The people who are right here holding me together.
I am having a hard time with day two of happiness. It has been a very hard day today. I had a prenatal apt. with my midwives today; I am 13 weeks 3 days pregnant. They have a nice corner of toys in the waiting room that Lili was having fun with. So when it came time to go into the office room for my apt. Lili didn't want to come in. My midwife said it would be fine if she went back and forth between the waiting room and the exam room. So, Jan and I talked for a minute or two with the door open and then I peeked out to see how Lili was doing.
She was gone. I started looking in all the obvious places and then Jan and the receptionist started looking too. The receptionist found her out in the parking lot about 10 feet from the busy road. Somehow she had opened the heavy solid wood door and closed it behind her, and was headed toward the road. When we got back to the exam room to continue with my prenatal (and Jan had double locked the door) I was already shaking and holding back a flood of tears. The adrenaline that came with picturing what could have been was so intense...

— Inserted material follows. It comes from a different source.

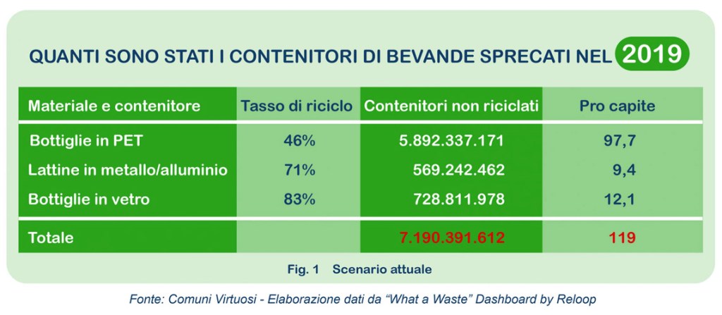 L’Associazione Comuni Virtuosi ha divulgato i risultati riferiti all’Italia del Rapporto “What a Waste” curato dalla piattaforma europea no profit Reloop secondo il quale potremmo ridurre questo spreco del 75-80% adottando un sistema di deposito cauzionale.

A couple minutes after that Jan went to listen to the baby's heartbeat with the doppler... and she couldn't find it. We had easily heard it 3 weeks ago, but today there was only the swish of my pulse filling up the room. She tried twice and still nothing. At this stage you should be able to hear the heartbeat. I have an ultrasound first thing in the morning to see what is going on; but in the meantime while I wait, this day has been one of limbo and heavy thoughts...
So either our baby is gone, or I have two little Houdinis.
Alex and Lili have been bringing me as much joy and stability as is possible today.